В лужах, канавах — солнце. Продолжаю обход, знакомство с санбатом. Жмурюсь на ручьи: разливаются солнечным блеском. Обхожу воронки. Скорее всего, прошлогодние: уже в побегах сныта, лопухов, кипрея. Чуть подальше — окостеневшие стволы яблонь, тополей, лип.

Все посечены осколками. Жухлая неживая кора, гладкие мертвые ветви. Хрустит битое стекло. Обхожу печи… Избы здесь стояли… Что с людьми, никто не ведает. А жгли немцы. Их работа. Я-то видел в Радищево: факельщики это…

Солнце накрывает меня. Кошусь на него: красные круги расходятся за ве́ками… А греет, шельма.

И по всему горизонту ворчит передовая.

Что надеваю и как — не соображаю. Знобит, ровно перед атакой. Сестра кинула барахлишко, документы с карточкой передового района — и десять минут на сборы. Из тяжелораненых в Медынь отправляют всех, кто способен машину выдержать. Автобус, сказывают, сгорел. Он спозаранку ушел. А ребята из автобуса?..

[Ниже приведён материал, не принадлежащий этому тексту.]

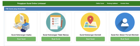
Gambar 1 . Halaman Awal Aplikasi Surat
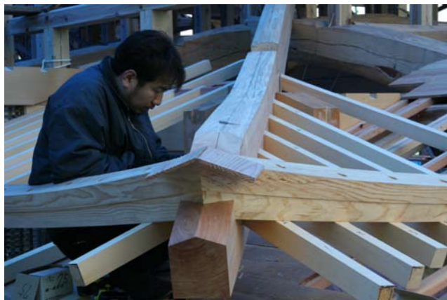
5 隅木に取り付けられた茅負
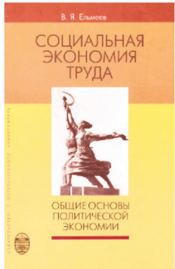
Сен. обложка книги В.Я. Ельмеева

Непосредственно общественной сущности социалистического производства отвечает система экономических методов управления (централизованное планирование, ценообразование, хозяйственный расчет и др.), основанная на экономии затрат. Теория и практика социализма в СССР показала, что «критерием деятельности государственных предприятий при социализме должна быть не прибыль, а противоположная ей величина – экономия труда. Показателем оценки работы предприятий, выпускающих предметы потребления, должна стать сумма снижения цен на выпущенную продукцию, позволяющая потребителю меньше трудиться для получения прежнего набора благ. Предприятия же, производящие средства производства, должны
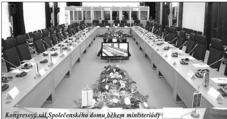
Kongresový sál Společenského domu během ministeriády
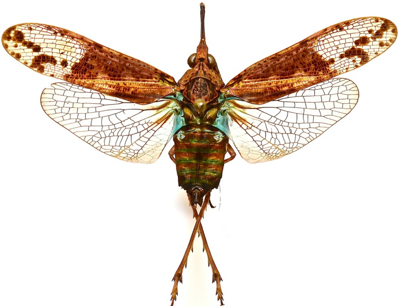
Fig. 6. - Prolepta ferocula (Stål, 1863), E. Sumatra (Palembang), 40 mm (MHNL)
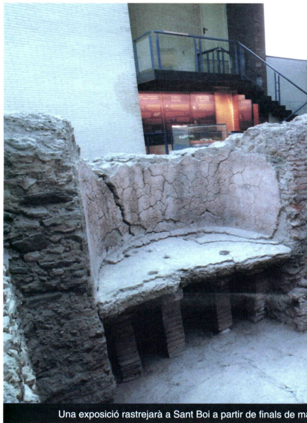
Una exposició rastrejarà a Sant Boi a partir de finals de març

Més propostes. Altres activitats previstes són un cicle de conferències divulgatives que avaluaran, per exemple, els resultats de les darreres excavacions fetes a la ciutat; l'edició d'un llibre divulgatiu sobre les termes; i l'exposició "L'altra història de les Termes", que s'inaugurarà pels volts de la Festa Major i proposarà un recorregut històric per aquests cinquanta anys d'excavacions, oblit, recuperació i exhibició pública del monument.
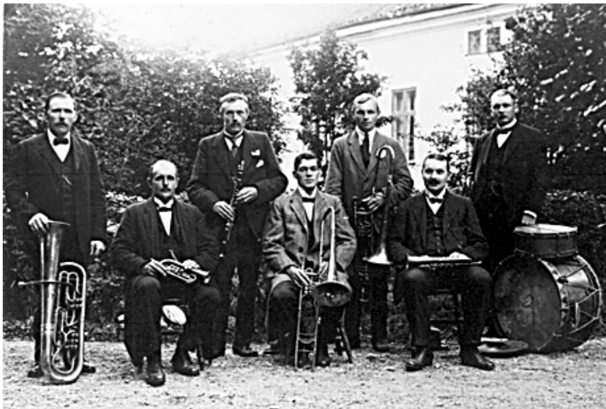
Mölntorp på 1930-talet
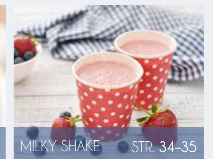
MILKY SHAKE STR. 34-35
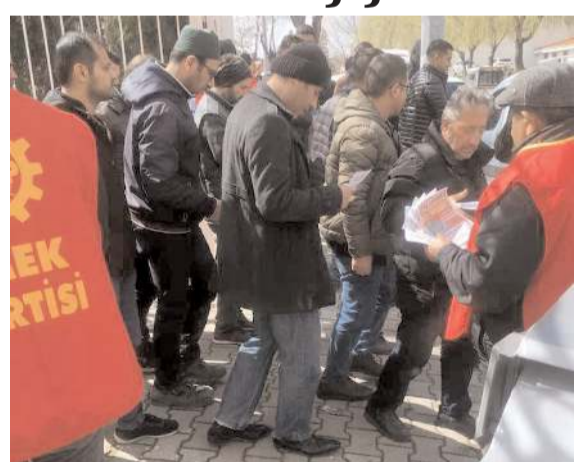
EMEP Çorum İl Örgütü, seçim çalışmaları kapsamında Organize Sanayi Bölgesi'nde bulunan işçilere bildiri dağıttı.

Emek Partisi (EMEP) Çorum İl Örgütü, seçim çalışmaları kapsamında Organize Sanayi Bölgesi'nde bulunan işçilere yönelik bildiri dağıtımını gerçekleştirdi.

С вечера — кононада. Глаз никто не сомкнул. Боимся окружения. А тут раненые — еще потемну начали прибывать В палатке проход заставили. Бредят, плачут, бьются…

Господи, сколько их! Со всех сторон в лесу:

— Пить!

Сестры уговаривают, мечутся: кому уколы, кому таблетки, кого на стол — под нож.

У хирургической палатки — тряпье, ампутированные конечности… Не смотрю туда. Насмотрелся на ничейке. Задыхаюсь, стараюсь не дышать… Иду мимо кучи. Отступаю, даю место носилкам: старшина силится, моргает снизу. А чем пособишь?.. Бинты на груди от крови счернели. Глаза как слепые. Сестра укол сделала, (я даже себе не поверил — прямо сквозь гимнастерку всадила шприц), руку отпустила, а рука плетью на землю. Санитары и потащили носилки в операционную. В палатке инструменты звякают, возня, стоны. Санитар накидывает брезент на отрезанные руки, ноги… Шибает йодом, испражнениями, потом, спиртом…

Водитель мотор запустил, сигналит. Я — к полуторке. Вскарабкался кое-как. Примостился к борту спиной. «Самолет» прижимаю, дрожу. По кузову лейтенант шастает. Эвакокарты проверяет, не затесался ли кто. Братва галдит:

— Трогай!

Лейтенант молоденький, по верхней губе пушок. Зубы скалит, отшучивается.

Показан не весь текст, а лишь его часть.